Clostridium thermocellum is a candidate consolidated bioprocessing biocatalyst, which is a microorganism that expresses enzymes for both cellulose hydrolysis and its fermentation to produce fuels such as lignocellulosic ethanol. However, C. thermocellum is relatively sensitive to ethanol compared to ethanologenic microorganisms such as yeast and Zymomonas mobilis that are used in industrial fermentations but do not possess native enzymes for industrial cellulose hydrolysis.

Results

In this study, C. thermocellum was grown to mid-exponential phase and then treated with ethanol to a final concentration of 3.9 g/L to investigate its physiological and regulatory responses to ethanol stress. Samples were taken pre-shock and 2, 12, 30, 60, 120, and 240 min post-shock, and from untreated control fermentations for systems biology analyses. Cell growth was arrested by ethanol supplementation with intracellular accumulation of carbon sources such as cellobiose, and sugar phosphates, including fructose-6-phosphate and glucose-6-phosphate.

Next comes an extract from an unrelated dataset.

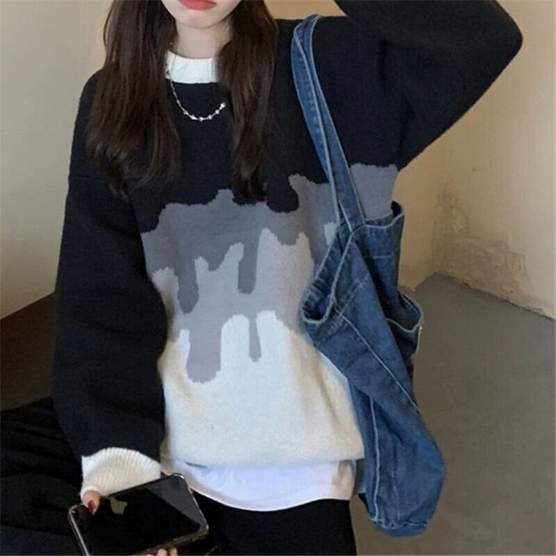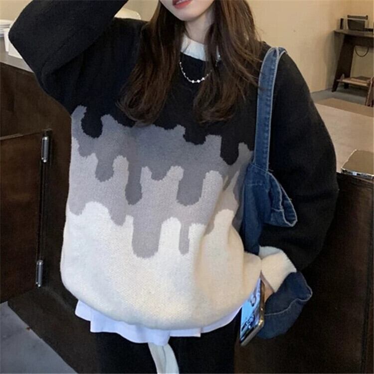 Nomikuma コントラストカラーセーター女性 2022 秋冬因果長袖 O ネックニットジャンパー Fahsion プルトップス ロング オータム 秋物 ウィンター 冬物 Oネック kor97406044096

The largest response of C. thermocellum to ethanol shock treatment was in genes and proteins related to nitrogen uptake and metabolism, which is likely important for redirecting the cells physiology to overcome inhibition and allow growth to resume.

Conclusion

This study suggests possible avenues for metabolic engineering and provides comprehensive, integrated systems biology datasets that will be useful for future metabolic modeling and strain development endeavors.